Kay Robinson takes a look at the 2012 EU ruling allowing the right to be forgotten online.
Aside from David Cameron’s recent measures to restrict access to pornography, the internet is a largely unregulated space and a bastion of the liberalism of modern technology. Assuming that we’ve all had our fair share of ‘what would I have done without the internet’ moments, whether it’s having used it through your smart phone to navigate a strange city, compiled a poor and last-minute essay or just clarified that yes, Khloe Kardashian is dating again but no, Iggy Azalea’s ass is not real, the internet is an invaluable information source.
With Edward Snowden being a frequent face on the news, freedom of information is a political and social issue that has come to the forefront of media and public attention in the past few years. So we’re aware of how it all works, right? But there are battles less publicised, and measures outside of Cameron’s overt porn plans that have already been introduced. These work in a far more subtle manner, intentionally or otherwise, to regulate modern technology’s biggest and best information source that, which we have come to take for granted. ‘Censorship’ is not a foreign word.
The ‘right to be forgotten’ is just one of these measures. With a self-explanatory title, it has emerged as a response to the widespread availability (read: the internet) of personal information and the ways that this information may continue to stigmatise an individual’s existence long after it is published. The right to be forgotten, therefore, refers to a person’s right to permanently bury personal information from which they wish to disassociate, or deem no longer relevant – bankruptcy, for example.

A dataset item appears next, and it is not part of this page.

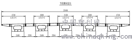 本项目顶面全宽25.5 米,共分为5 个箱室,箱室间由小横梁连接,最外侧设挑臂,所有轴线箱梁沿桥横向均以箱室为单元划分为5 片,其中最外侧挑臂也与箱室一起组成一体,35 米、40 米及42.2 米跨径沿纵向划分为2 个段,即各划分为10 个节段,节段长度根据现场实际选取,60 米跨径沿纵向划分为3 个节段,即各划分为15 个节段,其中9#—10#轴线因要跨越河涌和老桥,拟在内厂分三个节段(纵向)制造,运输至工地现场后将三个节段再接长至5 个约60 米长的节段进行吊装。具体节段划分如下:
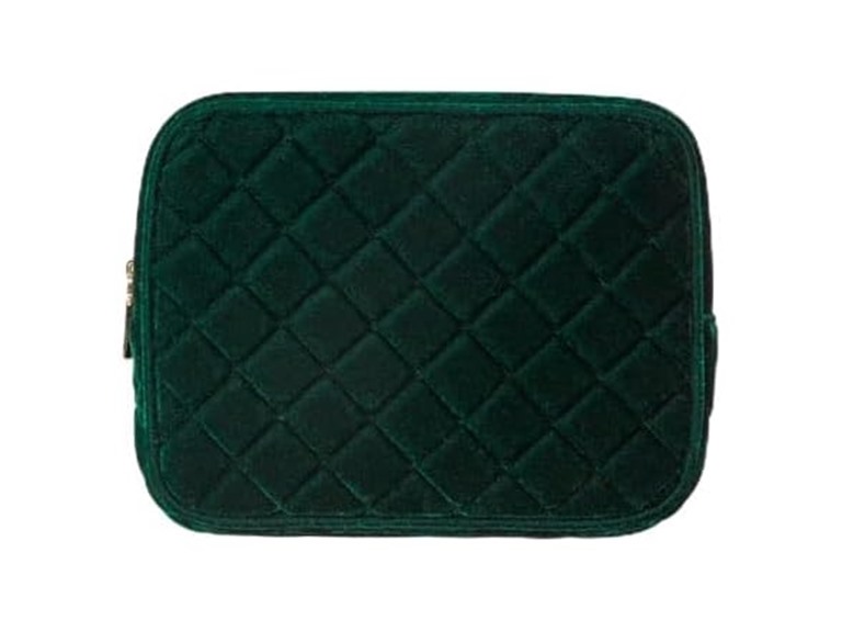 - CONAIR EMERALD GREEN VELVET DOUBLE ZIP ORGANIZER: Spacious travel bag with stylish diamond-quilted pattern.

Differing from the right to privacy, which deals with information not publicly known, the right to be forgotten demands a retraction or disappearance of information from search engines that was, at one time, in the public sphere and is consequently still available – for now.
Not yet upgraded to represent an international human right, the right to be forgotten finds support in the form of the Right to Privacy, but struggles with the interplay of the Right to Freedom of Expression. Nevertheless, the concept was enshrined into EU law in 2012; the European Data Protection Regulation Article 17 detailing the “right to be forgotten and to erasure.”

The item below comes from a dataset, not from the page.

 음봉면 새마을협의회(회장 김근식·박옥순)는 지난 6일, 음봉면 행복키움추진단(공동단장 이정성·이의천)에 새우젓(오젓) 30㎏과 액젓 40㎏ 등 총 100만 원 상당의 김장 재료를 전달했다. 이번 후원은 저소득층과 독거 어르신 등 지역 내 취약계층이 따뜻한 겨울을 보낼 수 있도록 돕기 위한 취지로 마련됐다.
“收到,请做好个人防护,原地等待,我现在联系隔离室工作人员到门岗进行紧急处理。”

The Article does not constitute a global framework, meaning that removal of information can only be performed by the specific company from which it is demanded, and will only be unavailable when searched for within EU versions of the search engines (both Google, and Microsoft which owns Bing, have ‘right to be forgotten’ application forms). Companies are not required to comply with requests, but to weigh up the damage to the individual versus public interest in the information concerned, the application procedure is by no means a guarantee to erasure.

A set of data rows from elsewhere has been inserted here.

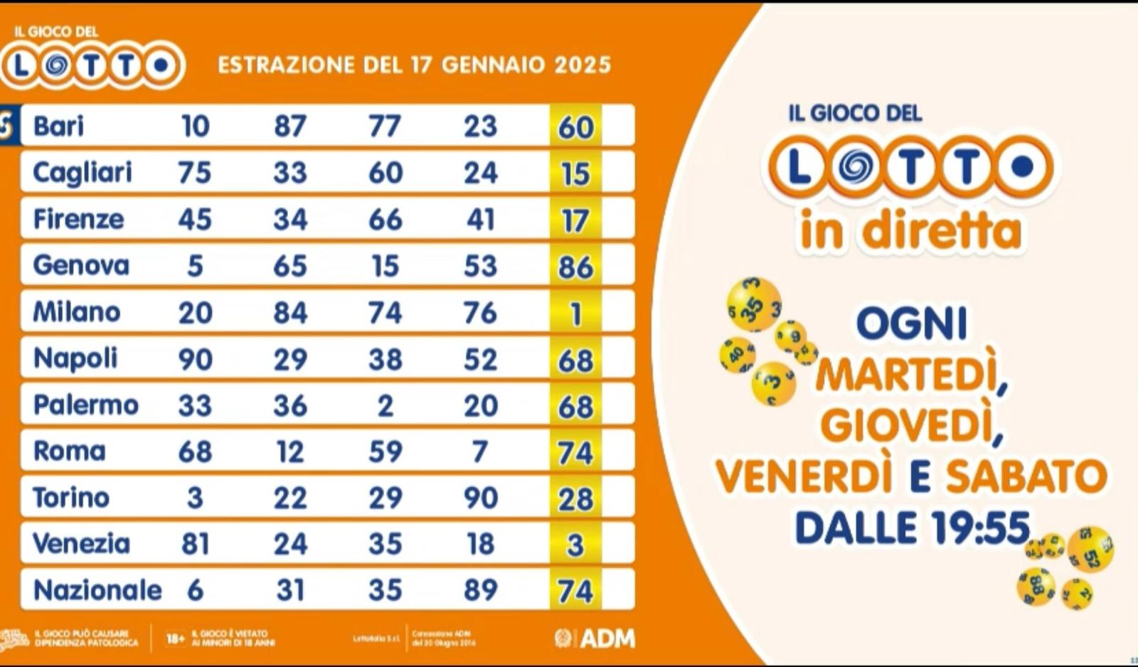 Estrazioni Lotto, SuperEnalotto, oggi venerdì 17 gennaio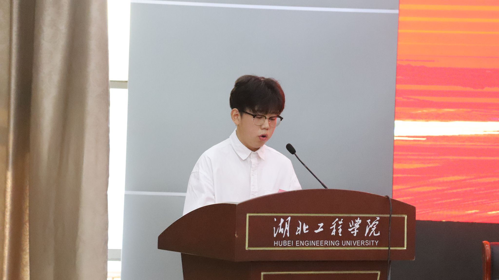 新生代表23342班高鹏同学向热心帮助新生报到的师长们表达了感谢,他表示很高兴加入土木学院这个温暖有爱的大家庭。他首先回首了高中三年苦读求学生涯,并结合自己对校训“严以治学,诚以立身” 的理解表达了对大学生活的期待,他号召同学们树立人生理想目标,珍惜美好时光,勇敢无畏、脚踏实地去探索、去发现、去创造辉煌而美丽的明天。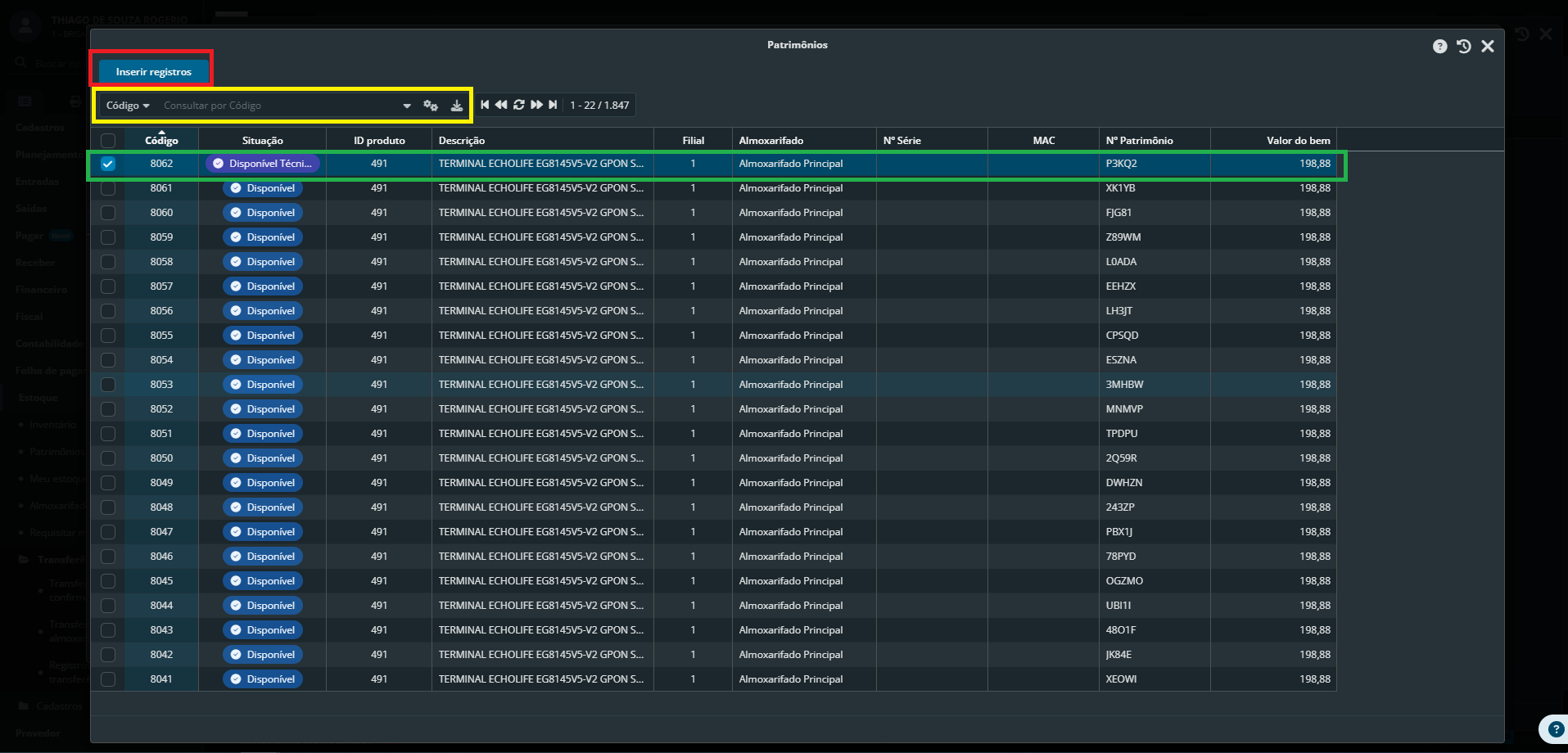 Obs.: Caso não tenha código de patrimônio, pode pesquisar pelo MAC ou Nº Série. Não esqueça de mudar o campo de pesquisa

But more importantly, the process of the right to be forgotten under European Union law is a privatised procedure in all senses. There is no executive save for the company dealing with the complaint; no system of checks and balances and no appeal procedure. Once information is gone from a search engine, it is usually gone for good within the relevant jurisdiction. A small notification is listed at the bottom of Google search results when something has been removed; nothing more.
Of the information removal requests since 2012 to Google UK and Ireland, 31% relate to fraud or scams, 20% to violent or serious crime arrests and 12% to child pornography arrests. Personally, this is not information I would wish to be prevented from accessing.
Some argue that the enshrinement of the right in EU policy is a step in the right direction, and that it gives individuals deserved control of their own data. However, as The Guardian’s Laurie Penny argues of the UK porn filter, the biggest problem here ‘is not that it accidentally blocks a lot of useful information but that it blocks information at all.’
Index on Censorship are just one of the many organisations who have questioned how the right to be forgotten may affect public access to information and as such interfere with the freedom of expression. The British government are also concerned, particularly with the difficulties of correct implementation, labelling it ‘unreasonable’ and ‘impossible.’
Foreseeing only an increase in this type of censorship, Leila Tretikov, executive director of the Wikimedia Foundation, forecasts ‘an internet riddled with Orwell’s “memory holes” – cases where inconvenient information simply disappears’. It might not be headline news, but in many ways it is subtlety that makes this sort of censorship all the more alarming.